• **EXERCISE**
Pictures stay out of the output. Return exactly the lines below from the one with "Cientos de personas" down to the one with "例えば…秋田大潟村あきたこま", both included, and nothing more.

Data items
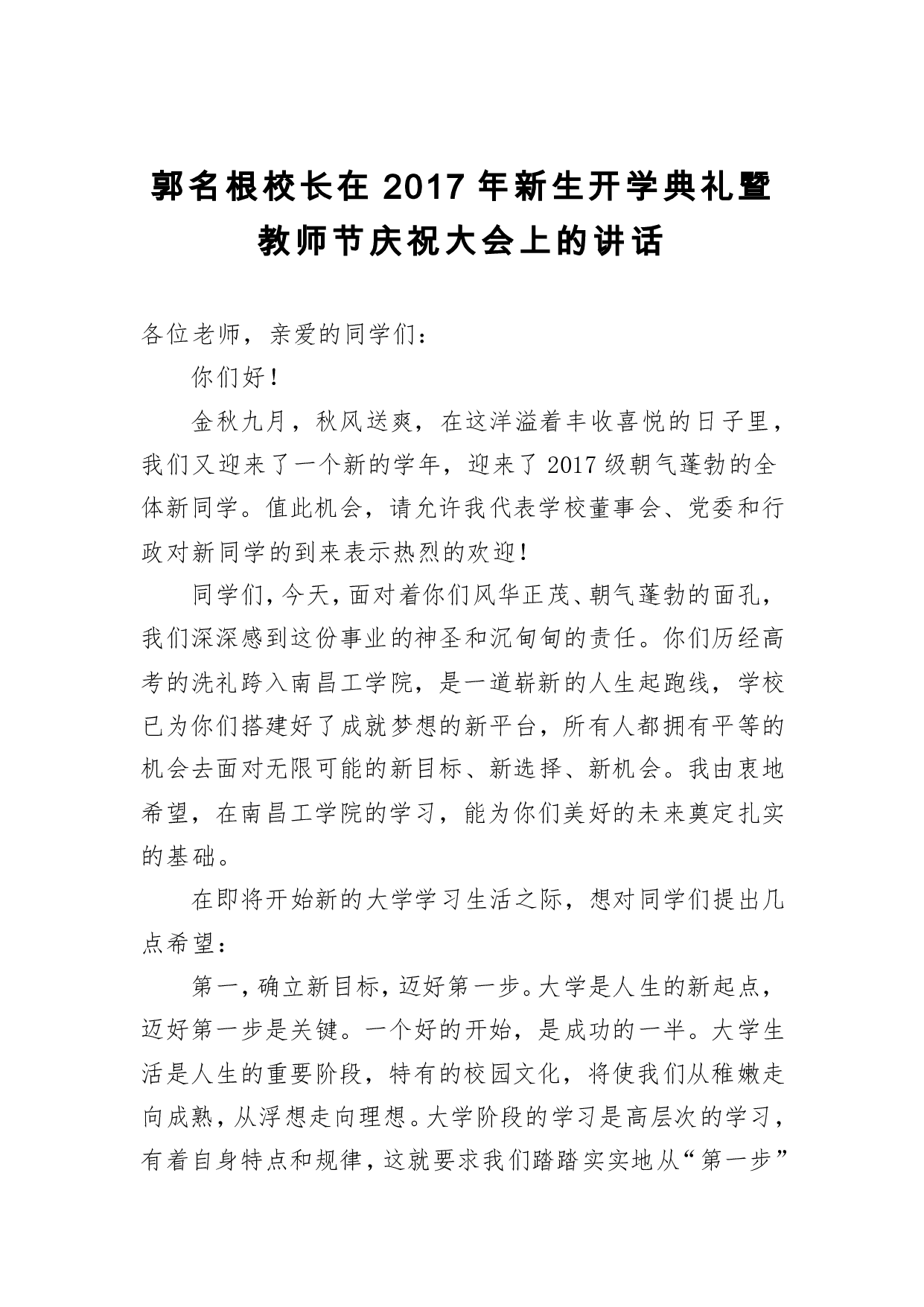 标题:教师节讲话:郭名根校长在2017年新生开学典礼暨教师节庆祝大会上的讲话
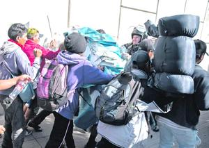 Cientos de personas de la caravana migrante tratan de ingresar a Estados Unidos por la fuerza
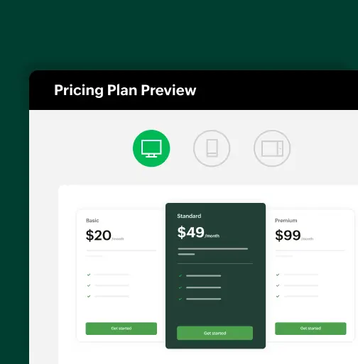 Customize your pricing tables. Choose colors, labels, or select from a gallery of preset tables. Mark specific plans as popular to showcase their features.
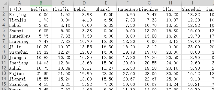 矩阵中地区的顺序是统计年鉴、国家统计局的顺序,京津冀晋……(无
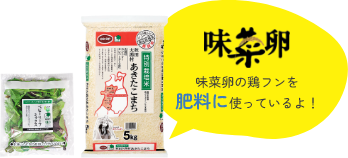 例えば…秋田大潟村あきたこまちやベビーリーフミックスは、味菜卵の鶏フンを肥料に使っています。
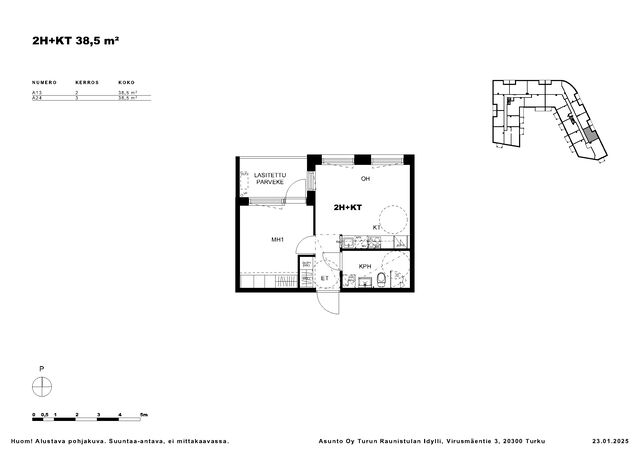 Etusivu / Varsinais-Suomi / Turku / Konsantie 1 1 / 1 Konsantie 1 Raunistula, Turku | Kerrostalo | 2h, avok, kph, et, lasit.p 185 900 € Velaton hinta 38,5 m2 Asuinpinta-ala 150,15 €/kk Hoitovastike 2027 Rakennusvuosi HYÖDYNNÄ HUIPPUETU! Varaa asunto helposti ilman varausmaksua. Kauppakirjojen allekirjoituksen yhteydessä maksat myyntihinnasta vain 15 % ja loput vasta kodin valmistuessa (arvioitu valmistumisaika vuoden 2027 aikana).Raunistulan Idylli Modernia asumista Turun sydämessäRaunistulan Idylli yhdistää viehättävän puutaloalueen rauhan modernin asumisen mukavuuksiin. Asunnoissa on suuret ikkunat ja toimivat pohjaratkaisut. Tämä nelikerroksinen kerrostalo kohoaa Raunistulan sydämeen, vain lyhyen matkan päähän Turun keskustasta. Arvioitu valmistuminen vuoden 2027 aikana. Tämä toimiva ja viihtyisä toisen kerroksen kaksio tarjoaa sujuvaa arkea ja asumista. Moderni ja selkeäpohjainen tila on helppo sisustaa juuri omien mieltymystesi mukaan. Olohuone yhdistyy luontevasti I-keittiöön luoden viihtyisän ja valoisan tilan yhdessäoloon tai rentoutumiseen pitkän päivän jälkeen. Toimiva pohjaratkaisu, runsaat säilytystilat ja suuret ikkunat tekevät kodista valoisan ja käytännöllisen. Makuhuoneesta avautuva lasitettu parveke toimii ympäri vuoden viihtyisänä oleskelupaikkana, jonne saat vaikkapa petivaatteet kätevästi tuulettumaan. Asunnossa on varaus viilentävälle ilmalämpöpumpulle.Idyllin asunnot sopivat niin yksinasuville, pariskunnille kuin pienille perheillekin. Tarjolla on myös muun muassa loft-tyylisiä koteja, joissa huonekorkeus kohoaa jopa neljään metriin ja nukkumaparvella on yli puolitoista metriä korkeutta. Ensimmäisen kerroksen asunnoissa on oma sisäänkäynti omalta pikkupihalta. Idyllissä arki sujuu ilman remonttihuolia tai pihatöitä. Taloyhtiöllä on vehreä ja viihtyisä piha, oma pihasauna, yhteinen kuntoilutila, pyörävarasto pesupaikkoineen sekä sähköautojen latausmahdollisuus. Asunnoissa on varaus ilmalämpöpumpulle ja taloyhtiössä varaudutaan aurinkopaneeleihin. Energiatehokkuus ja vastuulliset asumisratkaisut varmistavat kestävän ja miellyttävän asumisen.Raunistula on viehättävä puutalopainotteinen asuinalue vain 2 km päässä Turun keskustasta, rautatieasemalta ja Turun yliopistosta. Logomo sekä suunnitteilla oleva uusi Turun Ratapihan elämyskeskus ja areena tulevat sijaitsemaan vain kävelymatkan etäisyydellä.Kohde ennakkomarkkinoinnissa, kerromme mielellämme lisätietoja! Kohteen rakennuttamisesta vastaa SRV, joka on luotettava ja vakavarainen toimija. Myynti ja esittelyt/Miika Salmelap. 0500 533 582miika.salmela@bo.fijaSaija Palinp. 040 756 7070saija.palin@bo.fijaTAINA VUORIp. 050 527 4106taina.vuori@bo.fi Kiinnostaako tämä kohde?Ota meihin yhteyttä tai jätä viesti Miika Salmela asuntomyyjä, partner 0500 533 582 miika.salmela@bo.fi Tutustu välittäjään HuoneistoOsakkeet9266-9650HallintamuotoAsunto-osakeyhtiöHuoneluku2h, avok, kph, et, lasit.pKerros/Kerroksia2/4Asuinpinta-ala38,5 m2Muut tilat0,0 m2Lisätietoja pinta-alastaPinta-ala ei ole tarkistusmitattuNäkymätHuoneistoilla on parvekkeet pohjapiirustusten mukaisesti. Lattia, katto ja seinät ovat betonirakenteisia. Parvekekaiteet ovat pääosin lasikaiteita. Asuntoparvekkeet ovat pääosin lasitettuja. Parvekkeet ovat ulkotiloja. Osassa parvekepielistä on asennettu varatieluukku, joka toimii poistumisreittinä hätätilanteessa. Osassa 1. kerroksen asunnoista on maantasoterassit. Maantasoterasseja ei lasiteta. Maantasoterasseilla on terassilaudoitus. ParvekeLasitettuHissiTaloyhtiössä on hissiKeittiön kuvaus, lisätiedot ja varustusKeittiökalusteiden ovet ja etusarjat ovat tehtaan vakiomallistoa. Kodinkoneet (Electrolux). KEITTOTASO: Induktiotaso 60 cm. KEITTOTASO: Induktiotaso 60 cm. KALUSTEUUNI: Teräs tai valkoinen 60 cm. MIKROAALTOUUNI: Valkoinen tai musta 60 cm. ASTIANPESUKONE: Astianpesukone 60 cm, kalustepeitteinen, ovi keittiön mukaan. JÄÄKAAPPI: Jääkaappi, vapaasti seisova, valkoinen/teräs. Kaappipakastin, vapaasti seisova, valkoinen/teräs. Jääkaappipakastin, vapaasti seisova, valkoinen/teräs. LIESIKUPU: Vallox Delico, valkoinen tai musta. KEITTIÖHANA: Oras Safira 1039F. PESUALLAS: Teräs tai musta, 40 tai 50 cm KEITTIÖN VÄLITILAVALAISIN: Kalustetoimittajan integroima LED-nauhavalaisin, 4000 K. Rakennuttajan puolelta on valmiiksi koottuna kolme eri tyylistä sisustusteemaa: Talvi, Kesä ja Syksy. Teemoja voi yhdistellä vapaasti keskenään. TALVI: KALUSTEOVI: Mattavalkoinen melamiiniovi. VEDIN: Yläovi, vetimetön. Alaovi ja korkeat komerot, RST lippavedin. KALUSTESOKKELI: Valkoinen, ei jalkalistaa keittiökalusteen eteen. TYÖTASO: Musta tai harmaa laminaattitaso. VÄLITILA: Valkoinen välitilalevy. KESÄ: KALUSTEOVI: Tammen sävyinen puukuvioinen melamiiniovi. VEDIN: Yläovi, vetimetön. Alaovi ja korkeat komerot, RST vedin. KALUSTESOKKELI: Valkoinen, ei jalkalistaa keittiökalusteen eteen. TYÖTASO: Marmorikuvioinen laminaattitaso. VÄLITILA: Valkoinen välitilalevy. SYKSY: KALUSTEOVI: Musta melamiiniovi, puusyykuvio. VEDIN: Yläovi, vetimetön. Alaovi ja korkeat komerot, messinkivedin. KALUSTESOKKELI: Valkoinen, ei jalkalistaa keittiökalusteen eteen. TYÖTASO: Marmorikuvioinen laminaattitaso.Pesutilojen kuvaus, lisätiedot ja varustusPesuhuoneessa on pyykinpesukoneliitäntä, varaus pesutornille, allas, allaskaluste ja sen yläpuolella valaisinpeilikaappi. Kalusteet ovat kalustelevyä. Suihkuseinä on pohjapiirrokseen merkityssä kohdassa. Suihkuseinien mitoitus on huoneistokohtaisten märkätilakaavioiden mukaan. Laatat: Laattapiste. PEILIKAAPPI: Svedbergs valkoinen peilikaappi LED-valolla 60 cm tai 80 cm. ALLAS JA ALLASKALUSTE: Svedbergs valkoinen posliiniallas ja valkoinen allaskaappi kahdella laatikolla 60 cm tai 80 cm. PESUALLASHANA: Oras Safira ECO 1012F-105, kromi, bidetta käsisuihkulla. SUIHKUHANA: Oras. Termostaattirunko 7462G kiinteällä juoksuputkella + Apollo- suihkusetti 548, kromi. WC-I

• **OUTPUT**
 Cientos de personas de la caravana migrante tratan de ingresar a Estados Unidos por la fuerza
 Customize your pricing tables. Choose colors, labels, or select from a gallery of preset tables. Mark specific plans as popular to showcase their features.
 矩阵中地区的顺序是统计年鉴、国家统计局的顺序,京津冀晋……(无
 例えば…秋田大潟村あきたこまちやベビーリーフミックスは、味菜卵の鶏フンを肥料に使っています。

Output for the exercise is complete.